Awards and highlights
- Second-team All-American (1990); NCAA Division I-A receiving yards leader (1990); First-team All-WAC (1990);

Career NFL statistics
- Receptions: 3
- Receiving yards: 37
- Stats at Pro Football Reference

= Patrick Rowe (American football) =

American football player (born 1969)

Patrick Donald Edward Rowe (born February 17, 1969) is an American former professional football player who was a wide receiver for one season with the Cleveland Browns of the National Football League (NFL). He played college football for the San Diego State Aztecs, earning second-team All-American honors in 1990. He was selected by the Browns in the second round of the 1992 NFL draft.

==Early life==
Patrick Donald Edward Rowe was born on February 17, 1969, in San Diego, California.
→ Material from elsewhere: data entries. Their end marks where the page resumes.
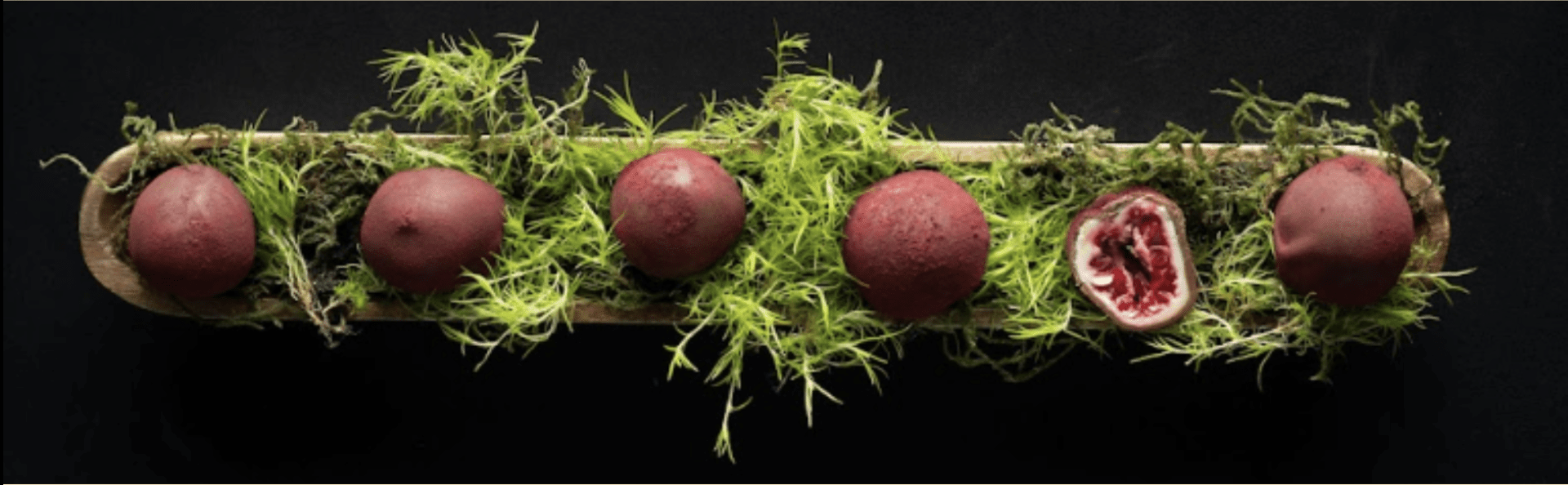 Křupavé mražené maliny obalené v lesklé temperované čokoládě. Dokonalá rovnováha svěží ovocné kyselosti a bohaté čokoládové chuti. Tip: Čokoláda při kontaktu se zmraženým ovocem rychle houstne – pracujte rychle. Postup potahování (clean & bold): Maliny vyjměte z mrazáku těsně před použitím. Vložte je do vytemperované čokolády a jemně protřepejte, aby se rovnoměrně obalily. Vyjměte pomocí vidličky nebo sítka a nechte okapat přebytečnou čokoládu. Položte na pečicí papír nebo silikonovou podložku. Ihned vraťte do mrazáku, aby čokoláda ztuhla.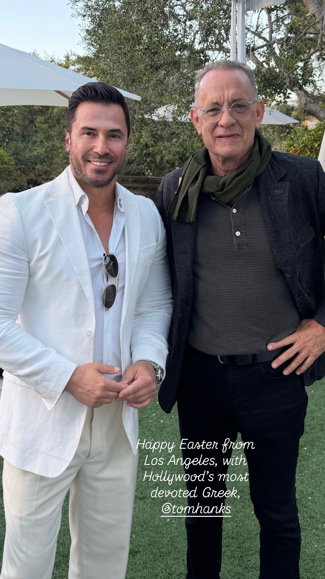 Η καθιερωμένη συνάντηση των «ισχυρών Ελλήνων» του Χόλιγουντ έγινε την Κυριακή του Πάσχα στην έπαυλη του προέδρου της Paramount Pictures, Τζιμ Γιαννόπουλος Λος Άντζελες. Ανάμεσά τους ο Τομ Χανκς-απέκτησε ελληνικό διαβατήριο το 2019- με τη σύζυγό του Ρίτα Γουίλσον, η Νία Βαρδάλος με τον σύντροφό της, Σπύρο Κατσαγάνη, ο Τζον Στάμος, ο Μπίλι Ζέιν και ο Μάικλ Τσίκλις.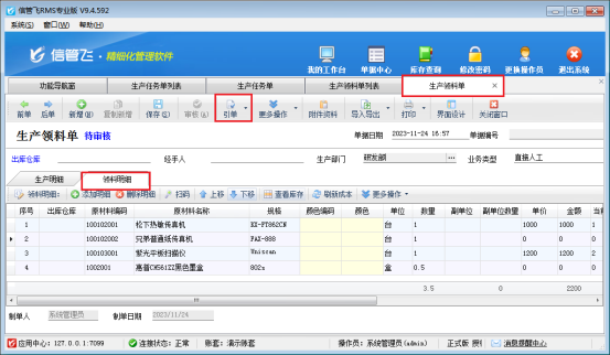 生產領料單包括生產產品明細和領料明細兩部分,支持根據“生產模板”自動生成需要的原材料明細。有用戶使用時不需要建立生產模板自己在生產任務單錄入生產明細和領料明細,會出現生產領料單引用生產任務單時,領料明細沒有引用過去,本文介紹下生產領料單引用生產任務單,沒有領料明細,如何解決? 在功能導航欄點擊生產管理

He attended Lincoln High School in San Diego. He snapped a collarbone during a high school football all-star game after his senior year.

==College career==
Rowe played college football for the San Diego State Aztecs of San Diego State University. He was a letterman in 1987, 1988, 1990, and 1991. Rowe caught nine passes for 197 yards his freshman year in 1987 while also returning three kicks for 109 yards. In 1988, he recorded 18 receptions for 267 yards and one touchdown, and 31 kick returns for 799 yards. He redshirted the 1989 season after tearing a cartilage in his knee before the start of fall camp. In 1990, Rowe caught 71 passes for 1,392 yards and eight touchdowns while returning 15 kicks for 324 yards, earning Associated Press second-team All-American honors. His 1,392 receiving yards were the most in NCAA Division I-A that season. His nine straight games of at least 100 receiving yards in 1991 set an NCAA Division I-A record. As a senior in 1991, Rowe totaled 57 receptions for 822 yards and four touchdowns.

==Professional career==
Rowe was selected by the Cleveland Browns in the second round, with the 52nd overall pick, of the 1992 NFL draft. He officially signed with the team on July 16. He was placed on injured reserve on August 25, 1992, and missed the entire season. Rowe played in five games for the Browns in 1993, catching three passes for 37 yards on ten targets. He was released on August 28, 1994.

Rowe signed with the San Francisco 49ers on March 20, 1995. He was released on July 11, 1995.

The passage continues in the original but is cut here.